Jackson held up the crumpled letter, waving it like evidence of my guilt. "She claims I forced her to terminate pregnancies. She claims I've humiliated her publicly. She claims I've systematically destroyed her reputation."
He began tearing the letter into pieces, each rip echoing in the silent hall like gunshots. "These are the words of a disloyal mate. A Luna who would rather destroy her own pack than accept her failures."
The pieces of paper fluttered to the floor around me like dying leaves. My chest felt hollow, scraped clean of hope just as surely as my womb had been scraped clean of life.
"Any Luna who seeks outside intervention," Jackson's voice boomed above me, "is admitting her own failure. Her own disloyalty. Her own unworthiness to lead."
I tried to push myself up from the floor, but Jackson's boot pressed against my shoulder, forcing me back down. "Stay where you belong," he hissed, loud enough for the front rows to hear.
Tears burned my eyes, but I refused to let them fall. Not here. Not in front of everyone. But my body shook with the effort of holding them back, and I knew everyone could see my weakness.
"This is what disloyalty looks like," Jackson announced to the crowd. "This is what happens when a Luna forgets her place."
The pack members stared at me in stunned silence. Some looked away, unable to meet my eyes. Others watched with morbid fascination, as if witnessing a public execution. No one spoke in my defense. No one moved to help me.
I was utterly, completely alone.
***
I barely slept that night. My body ached from kneeling on the stone floor, and my scalp was tender where Jackson had grabbed my hair. But the physical pain was nothing compared to the crushing weight of humiliation that pressed down on my chest.
When dawn broke gray and cold through my window, I knew what was coming. Jackson wouldn't let yesterday's lesson be the end of it. He would want to drive the point home, to make sure I understood exactly where I stood in his hierarchy.

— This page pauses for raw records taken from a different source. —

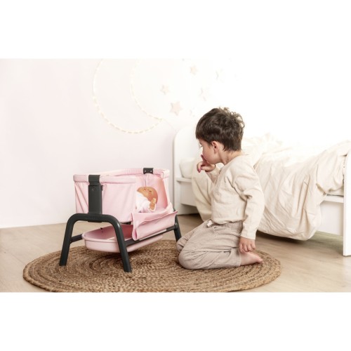 Завдяки бічній стінці, що легко опускається, ліжечко можна зручно підставити до дитячого ліжка, і контролювати сон улюбленої лялечки, так само як мама або тато своєї дитини. Також під ліжечком є пластикова поличка для зберігання речей і аксесуарів для малюка.
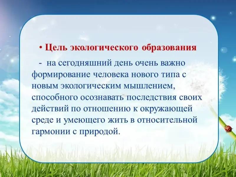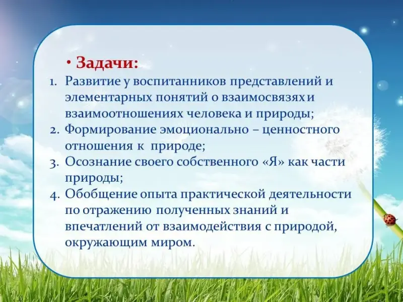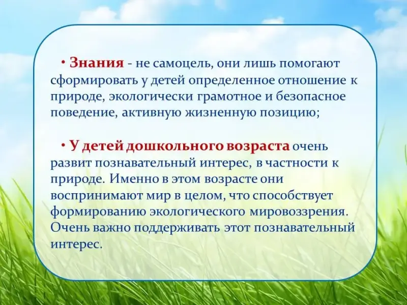 Основной целью "Экологического воспитания" является формирование основ экологической культуры всех участников педагогического процесса (детей, родителей, педагогов).
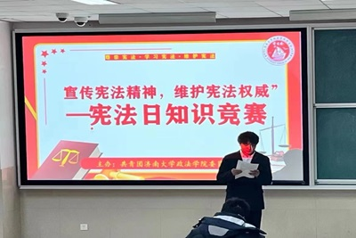 法者,天下之程式也,万事之仪表也。宪法是国家的根本法,是治国安邦的总章程。学习宪法,遵守宪法是每一个中国公民的责任。为弘扬宪法精神,坚定同学们的法治信仰,12月4日,yl23455永利政法学院“宣传宪法精神、维护宪法权威”宪法知识竞赛在11教3段202成功举办。
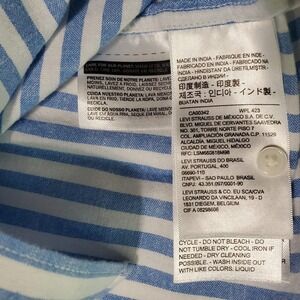 The product is a Levi's women's shirt in size M, made from a blue and white striped viscose blend material. This button-up shirt features a collared neckline, short casual sleeves, and is machine washable for easy care. With a regular fit and lightweight fabric, it is perfect for casual occasions during the summer, fall, and spring seasons. The colorful striped pattern adds a vibrant touch to the basic yet stylish design of this Levi's top.

The knock on my door came at precisely six AM.
"Training," Ethan's voice called through the wood, but I could hear the reluctance in his tone. "Alpha's orders."
I dressed slowly, my body protesting every movement. The cramping in my abdomen had worsened overnight, and I could feel the dampness of fresh bleeding between my legs. I was in no condition for physical training, but Jackson's orders weren't suggestions.

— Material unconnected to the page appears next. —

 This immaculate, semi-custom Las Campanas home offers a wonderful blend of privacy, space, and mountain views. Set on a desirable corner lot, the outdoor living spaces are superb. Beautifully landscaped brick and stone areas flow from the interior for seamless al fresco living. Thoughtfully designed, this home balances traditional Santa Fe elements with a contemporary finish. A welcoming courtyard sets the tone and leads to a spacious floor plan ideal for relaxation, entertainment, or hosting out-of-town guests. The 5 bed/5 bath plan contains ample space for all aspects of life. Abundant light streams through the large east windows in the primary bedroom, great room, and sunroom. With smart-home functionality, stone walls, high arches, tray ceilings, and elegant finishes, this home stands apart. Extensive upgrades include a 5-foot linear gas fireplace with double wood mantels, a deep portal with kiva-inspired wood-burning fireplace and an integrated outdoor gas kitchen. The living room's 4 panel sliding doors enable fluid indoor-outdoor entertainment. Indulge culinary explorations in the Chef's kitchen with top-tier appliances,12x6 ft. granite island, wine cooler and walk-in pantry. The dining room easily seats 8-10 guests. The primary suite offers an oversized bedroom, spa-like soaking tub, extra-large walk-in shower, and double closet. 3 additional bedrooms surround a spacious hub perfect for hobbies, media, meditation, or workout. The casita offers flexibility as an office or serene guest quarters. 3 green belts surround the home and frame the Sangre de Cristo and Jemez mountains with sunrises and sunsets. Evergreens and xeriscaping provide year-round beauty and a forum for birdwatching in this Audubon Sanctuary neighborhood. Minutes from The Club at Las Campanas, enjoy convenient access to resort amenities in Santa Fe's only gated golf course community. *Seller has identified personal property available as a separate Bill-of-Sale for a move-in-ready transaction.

The training ground was already bustling with activity when I arrived. Pack members were stretching, sparring, running drills—all the normal morning routines that had once brought me joy. Now they felt like instruments of torture.
Jackson stood in the center of it all, his arms crossed over his broad chest as he watched me approach. His smile was sharp as a blade.
"Luna Mia," he called out loudly, ensuring everyone could hear. "So good of you to join us. I was beginning to think you'd decided you were too important for pack training."
Murmurs rippled through the crowd. I could feel their eyes on me, judging, weighing, finding me wanting.
"I'm here," I said quietly, taking my place at the edge of the group.
"Oh no," Jackson's voice cut through the morning air like a whip. "You're not hiding in the back today. Front and center, Luna. Let's see what our pack leader is made of."
My legs felt like water as I moved to the front of the group. The other wolves stepped aside to make room, but their expressions ranged from pity to disgust. None of them met my eyes.
"Today's lesson," Jackson announced, "is about endurance. About pushing through weakness. About proving your worth to your pack."
His eyes locked on mine, and I saw the promise of pain there.
"Begin with a five-mile run. Luna Mia will set the pace."
I started running, my body screaming in protest with every step. The bleeding between my legs intensified, and sharp cramps doubled me over twice in the first mile. But Jackson's voice followed me, cutting and cruel.
"Faster, Luna! Is this the best our pack leader can do?"
By the third mile, I was stumbling more than running. My vision blurred with exhaustion and pain, and I could taste blood in my mouth. The other wolves had long since passed me, their faces carefully blank as they avoided looking at their struggling Luna.
I made it four and a half miles before my legs finally gave out completely.